> [Description of the task]
After finding "Contemporary Gray Vinyl" in a line below, print that line and the rest of the lines exactly, leaving out all pictures.

> [Data segment]
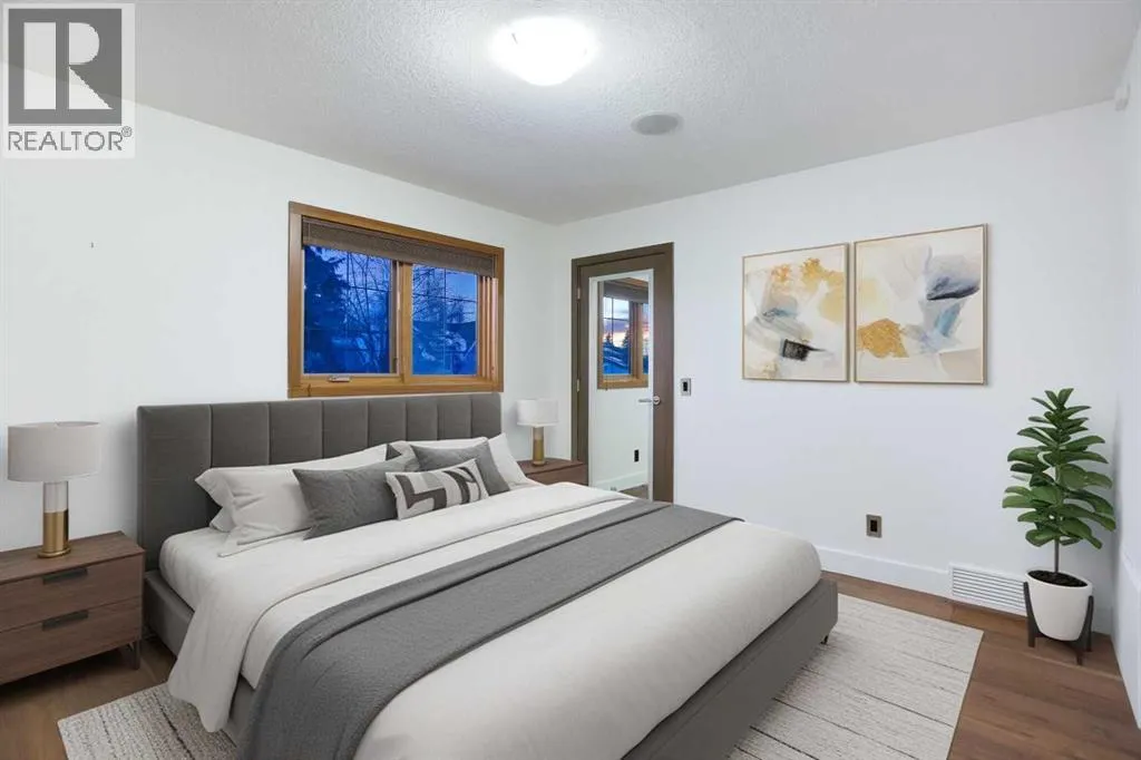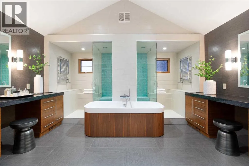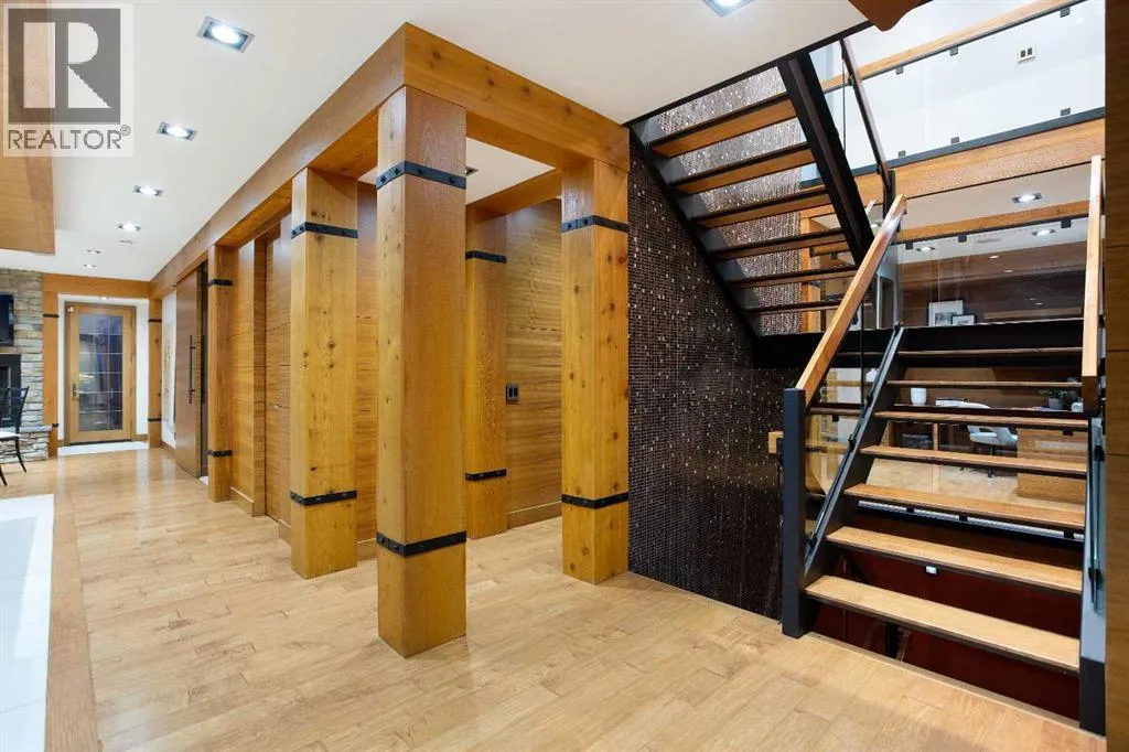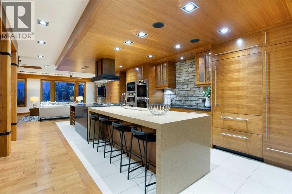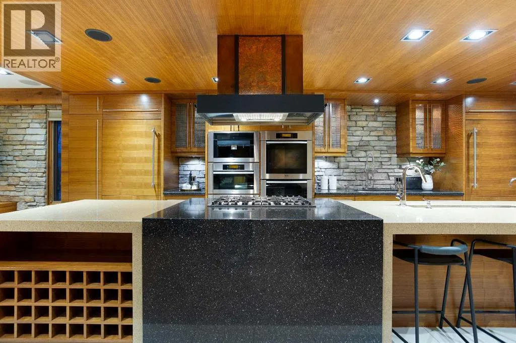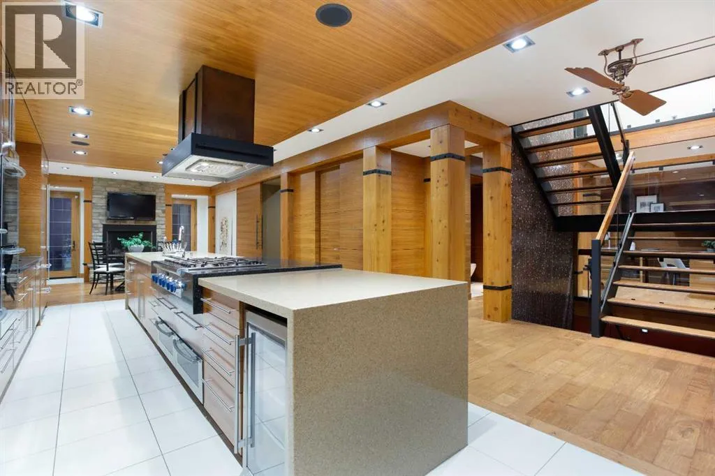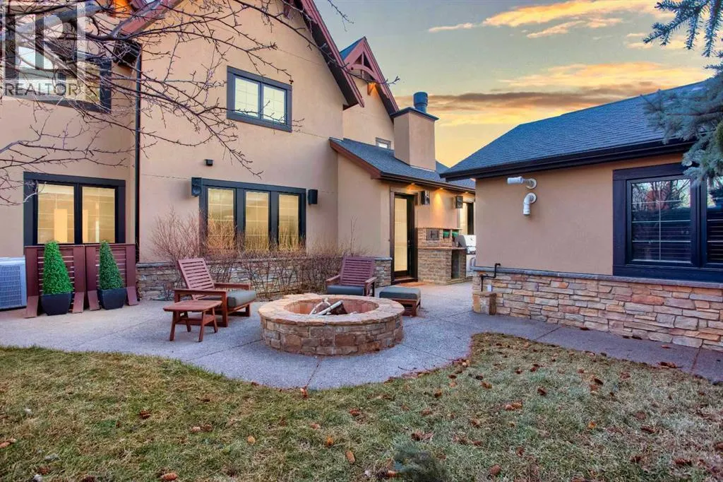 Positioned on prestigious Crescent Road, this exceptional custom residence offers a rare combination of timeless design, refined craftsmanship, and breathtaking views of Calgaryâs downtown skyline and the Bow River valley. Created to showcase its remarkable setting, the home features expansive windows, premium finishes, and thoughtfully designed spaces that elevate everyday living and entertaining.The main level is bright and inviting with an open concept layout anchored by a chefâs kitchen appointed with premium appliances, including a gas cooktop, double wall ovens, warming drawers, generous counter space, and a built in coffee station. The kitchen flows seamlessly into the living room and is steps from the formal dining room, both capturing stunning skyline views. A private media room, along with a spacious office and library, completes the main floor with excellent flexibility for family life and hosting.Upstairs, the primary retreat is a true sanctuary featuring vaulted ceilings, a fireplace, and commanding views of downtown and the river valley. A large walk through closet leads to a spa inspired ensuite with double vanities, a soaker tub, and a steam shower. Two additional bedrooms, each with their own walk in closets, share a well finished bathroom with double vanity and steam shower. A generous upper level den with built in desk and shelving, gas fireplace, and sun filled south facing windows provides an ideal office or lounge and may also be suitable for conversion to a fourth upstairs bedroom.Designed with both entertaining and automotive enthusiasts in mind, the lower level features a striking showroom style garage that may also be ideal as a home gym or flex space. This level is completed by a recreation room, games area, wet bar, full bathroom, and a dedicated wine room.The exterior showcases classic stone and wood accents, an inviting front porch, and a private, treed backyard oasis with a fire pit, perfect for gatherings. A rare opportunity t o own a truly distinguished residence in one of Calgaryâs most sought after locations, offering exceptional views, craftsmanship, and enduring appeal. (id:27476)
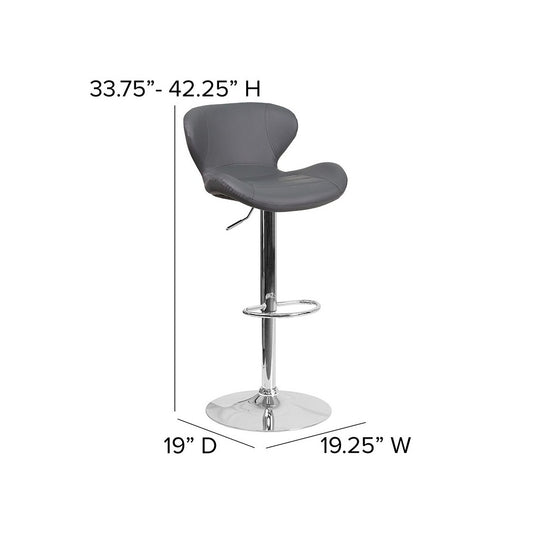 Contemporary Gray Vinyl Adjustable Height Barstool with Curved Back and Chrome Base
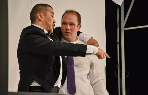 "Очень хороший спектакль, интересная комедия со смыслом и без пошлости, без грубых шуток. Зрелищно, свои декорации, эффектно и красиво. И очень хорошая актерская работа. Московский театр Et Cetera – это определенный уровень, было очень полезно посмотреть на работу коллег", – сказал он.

> [Task output]
 Contemporary Gray Vinyl Adjustable Height Barstool with Curved Back and Chrome Base
 "Очень хороший спектакль, интересная комедия со смыслом и без пошлости, без грубых шуток. Зрелищно, свои декорации, эффектно и красиво. И очень хорошая актерская работа. Московский театр Et Cetera – это определенный уровень, было очень полезно посмотреть на работу коллег", – сказал он.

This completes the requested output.